I have been writing on chalkboards and dry erase boards in Art Departments since May, telling the stories that took place in those very same rooms years ago. This one refers to teaching my first semester (and what a horrible job I did of it). It is the tamest of the group - or the one that I am most likely to admit I made now.

I follow specific rules when taking these photographs. I do not plan what I am going to write. I accept any spelling and grammatical mistakes. I take the photograph quickly because more often than not, it feels like I will be caught (and I was once at Boise State). Most of the time, when looking at these images later, I regret the words that were written, wishing for something more.
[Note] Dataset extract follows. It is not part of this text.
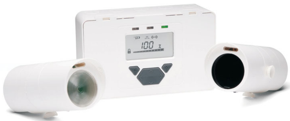
Additional Detector Pack

Returning to the University of Arizona photo area for the first time since 2001 was jarring. It looks far more run down than I remember with stains on the linoleum, scuffs on the walls, warped homasote, and outdated furniture. I was happy to see that the color processor was in full swing - wishing I still had access to that room and all that I could make with color film.

Saturday, October 25, 2014

Breaking Out the Binoculars in Tucson



I finally saw a rare cristate (I wasn't convinced they existed outside 1940s postcards prior to this weekend). There are over 25 in the park and I wish I could have seen more.



All photographs were taken at Saguaro National Park East in the Rincon Mountains home to 1.6 million saguaro. I visited Tucson over fall break to knock off another water destination on my list, visit old friends, and photograph my old art department. More photographs soon.

Friday, October 17, 2014

"Landfall" - Laurie Anderson and the Kronos Quartet


Last weekend, Hannah and I drove to the Wexner Center to experience Landfall. My previous encounter with the Kronos Quartet was watching them behind a screen with Phillip Glass as they performed Dracula in Houston, Texas. I once saw Laurie Anderson perform Live in New York in Vancouver, Washington where not a face in the crowd had dry eyes as she described NYC post 9/11. I could not imagine an event more worth traveling to despite it being a hectic time of the semester.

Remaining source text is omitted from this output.